The most stringent measures, included in a new decree signed by Conte and published on the government’s website, apply to a population of almost 17 million people in Lombardy, the region around Milan, as well as vast swathes of Piedmont, Veneto, Emilia Romagna and Marche. Venice is part of the affected zone, while Turin, home to the Fiat Chrysler Automobiles NV headquarters, is outside of it.

Overall, the rules impact a region of 56,000 square kilometers — roughly the size of West Virginia — that accounts for about a third of Italy’s gross domestic product. They include:

  • Restrictions on leaving, entering or moving within entering the designated areas when not for “demonstrable” business needs, emergencies or health reasons
  • A “strong recommendation” to anyone with a temperature above 37.5 degrees Celsius (99.5 degrees Fahrenheit) to stay home even if they have no virus symptoms
  • Leaving home is “absolutely forbidden” for those who have tested positive
  • Sports events are suspended unless they can be held behind closed doors. That means for now, the top-flight Serie A soccer league will continue
  • Skiing, public events, religious ceremonies and work meetings will be suspended, while schools, museums, swimming pools, gyms and theaters are closed. Shopping malls should be shut during weekends
  • Bars and restaurants can open from 6 a.m. to 6 p.m. and must assure that patrons stay at least one meter (3.3 feet) apart
  • Employers should facilitate work-from-home arrangements.

The decree also issues new regulations for the rest of the country, including a recommendation to avoid travel outside home towns unless absolutely necessary, enforcing “social distancing” of one meter in all public venues and restricting public events from demonstrations to theater shows. Elderly people are advised to stay home, and schools and universities will remain closed nationwide until March 15.

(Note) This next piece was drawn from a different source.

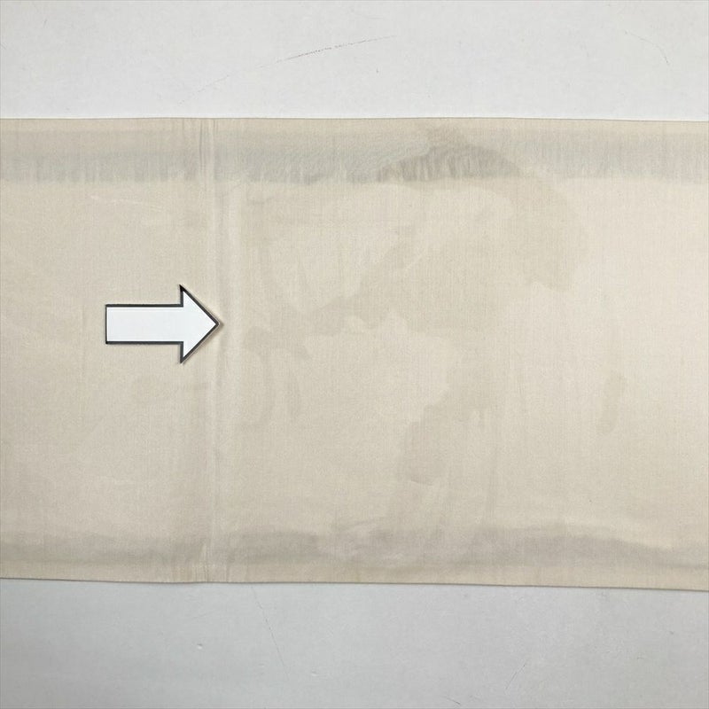手先に折りシワ、中無地に汚れ、裏地全体にシミ(液体が流れたような)が見られます。

Failing to respect the measures is a criminal offense and might lead to a fine or imprisonment. Some regions voiced resistance. The Veneto region opposes the inclusion of the Padua, Treviso and Venice provinces in the decree, according to a statement published by Ansa. Maurizio Rasero, the mayor of Asti, which is in the affected zone, called the ban “madness, a disaster we didn’t expect.”

The southeastern region of Puglia ordered all those coming into the area from the affected regions be subject to a 14-day quarantine. Regional president Michele Emiliano went a step further, telling his northern compatriots to turn around and go back immediately, according to comments published by Ansa.

With Italy’s economy already about to contract before the outbreak, the crisis has all but paralyzed business activity in Lombardy, which accounts for a fifth of the country’s gross domestic product, and the rest of the north.

The impact is clear even in other regions that aren’t subject to the stricter controls. The Pompeii archaeological site near Naples and the Vatican museums are closed until April 3, and an exhibit of Renaissance master Raphael in Rome was halted.

The government decided on Thursday to double emergency spending to 7.5 billion euros ($8.5 billion) to help cushion the economic impact of the virus.

It’s also calling up 20,000 doctors, nurses and medical personnel to help deal with the outbreak. Fallout from the virus’s spread is slamming Italy’s key tourism industry, which is worth almost 15% of GDP, at a time when the country is already teetering on the brink of recession.

The European Commission’s top economic officials approved Italy’s spending plans, saying in a letter to the government in Rome that the stimulus won’t be factored in when assessing the country’s compliance with the European Union’s fiscal rules.